Klaus Albrecht Schröder, Albertina

„Ulrike Lunacek hat sich persönlich ganz außerordentlich engagiert. Ihr Scheitern hat meines Erachtens damit zu tun, dass die komplexen Anforderungen in einer schweren Krise das machtlose Amt eines Staatssekretariats überfordern: selbst wenn man viel Erfahrung und eine stärkere Persönlichkeit als die letzte Amtsinhaberin mitbringt“, zeigt Albertina-Chef Klaus Albrecht Schröder Verständnis. „Die Kunst und Kultur muss in dieser Phase durch das Ministeramt vertreten werden: nach außen, in der Bundesregierung, im Ministerrat, gegenüber dem Finanzminister. Lunacek war Kunst und Kultur ganz offensichtlich ein echtes Anliegen. Sie hat mitgefühlt mit uns, hat aber politisch nicht die nötige Unterstützung erhalten, von keinen Seiten“, so Schröder zum STANDARD. Weiters fordert er nun vom Kulturminister, sich einzubringen.
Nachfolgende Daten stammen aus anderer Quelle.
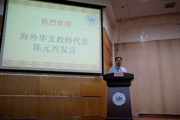 接下来,德国柏林益智中华文化学校的陈元兴老师代表教师们作了发言,他首先对beat365中文官方网站表示了感谢,对beat365中文官方网站华文教育研究所近年来在欧洲华文教育领域作出的成果表示赞叹,他认为:欧洲华文学校进入了繁荣期,研究所紧抓欧洲特色,利用侨乡资源,针对欧洲华文教育开展了各类研究,理论成果丰硕。而在理论指导下的华文教师证书培训班和“中国寻根之旅”青年夏令营活动,更是让人充满信心。
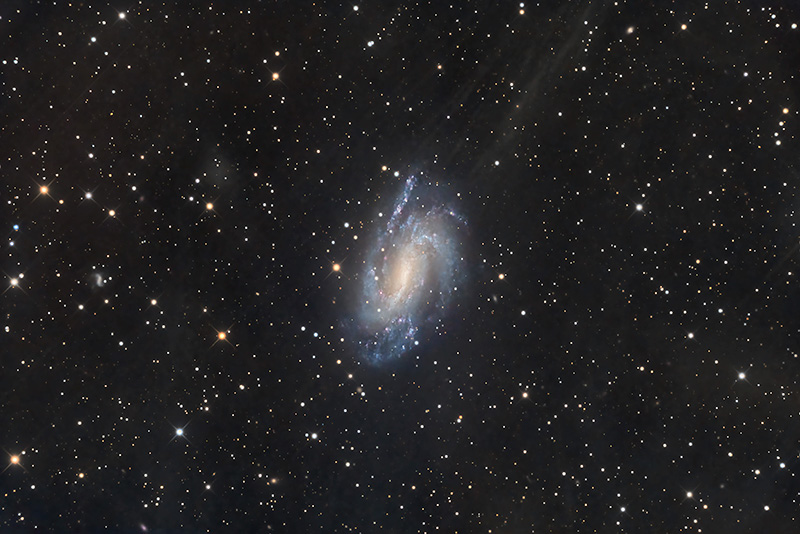NGC 925 is a barred spiral galaxy located in the constellation of Triangulum, about 9.3 Mpc away. The measurement of the distance, very accurate, was possible thanks to the discovery of numerous Cepheid variables by the Hubble Space Telescope. Studies concerning the structure and star formation in this galaxy show various asymmetries: from the surveys it emerged that the northern arm is more developed than the southern one, which is more fragmented, suggesting an interaction with another galaxy in the past, and bringing NGC 925 closer to irregular galaxies than to barred ones. NGC 925 is part of the NGC 1023 group and was discovered by William Herschel in 1784.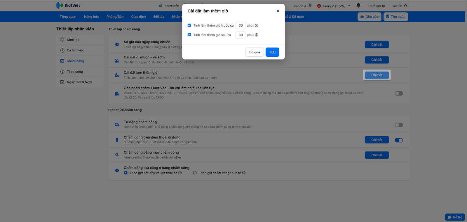 - Cài đặt làm thêm giờ: Nhấn Chi tiết, tích chọn và nhập số phút làm thêm tối thiểu trước ca/sau ca để hệ thống ghi nhận là làm thêm giờ.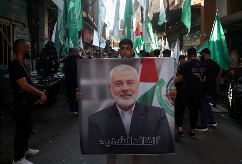 레바논 베이루트의 부르즈 알 바라즈네 팔레스타인 난민캠프에서 한 팔레스타인인이 이란에서 살해된 하마스 지도자 이스마일 하니예의 사진을 들고 그의 살해를 규탄하기 위한 행진을 벌이고 있다. (사진=Reuters)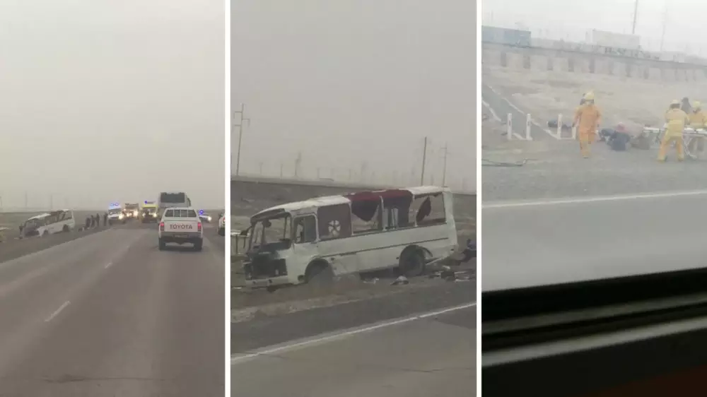 Авария произошла на автодороге в Жылыойском районе. Автобус принадлежал одной из подрядных компаний, работающей на месторождении Прорва. В момент аварии в нем находилось 11 работников компании. По предварительной версии, водитель автомашины КамАЗ совершал обгон и выехал на полосу встречного движения.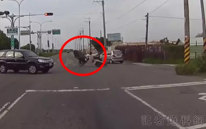 台南西濱快速道路機車闖紅燈釀禍 雙載騎士撞機車摔車.(圖片翻攝)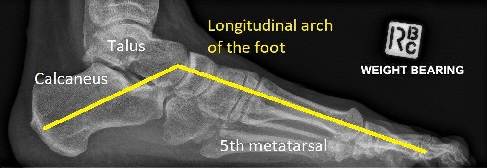 Weight-bearing X-rays of the foot show bone alignment, arch height and joint health.
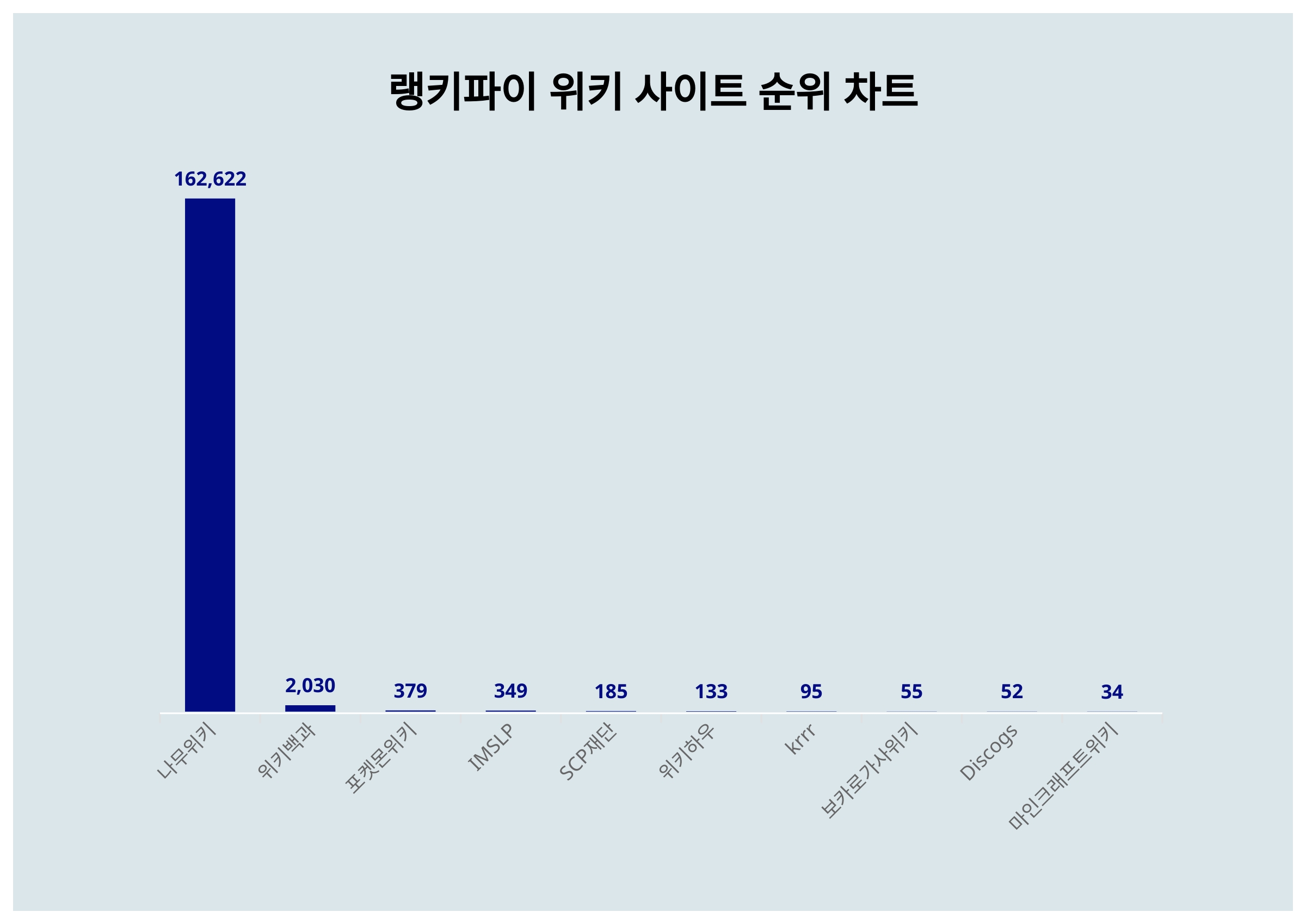 위키백과는 2,030포인트로 전일보다 32포인트 상승해 2위를 차지했다. 포켓몬위키, IMSLP, SCP재단, 위키하우, krrr, 보카로가사위키, Discogs, 마인크래프트위키가 뒤를 이으며 3~10위를 기록했다.

Wer auch immer Lunacek nachfolge, müsse „Lösungen für die sehr verschiedene Situation von hunderten großen und kleinen Theatern, Kinos, Veranstaltungen, Museen, Festivals oder Konzerte aller Art“ finden. „Da kann eine Nachbesetzung mit einer Persönlichkeit, die das Ressort und die Aufgaben bestens kennt, helfen.“ Glücklicherweise sei die Kultursektion im Übrigen selbst professionell besetzt.

Yvonne Gimpel, IG Kultur

Yvonne Gimpel von der IG Kultur lässt wissen, ein Personalwechsel allein löse keine der drängenden Probleme, sondern drohe vielmehr zu weiteren Verzögerungen zu führen, „da sich jede Nachfolgerin erst einarbeiten müssen wird“. Die IG Kultur appelliert folglich „an die gesamte Bundesregierung, Verantwortung zu übernehmen“. Die Forderungen umfassen eine unbürokratische und verlässliche monatliche Unterstützung, eine sofortige Planungsperspektive und verlässliche Vorgaben, dazu Sicherheiten „für den Fall, dass wieder Einschränkungen umgesetzt werden müssen“. Ebenso seien ein Konjunkturpaket, Investitionen in erforderliche Hygiene- und Sicherheitsmaßnahmen in den Kultureinrichtungen, der Ausbau von Arbeitsstipendien sowie die Schaffung der Absetzbarkeit von Spenden für alle Kultureinrichtungen nötig. Dazu ein kontinuierlicher Dialog der Politik mit den Betroffenen.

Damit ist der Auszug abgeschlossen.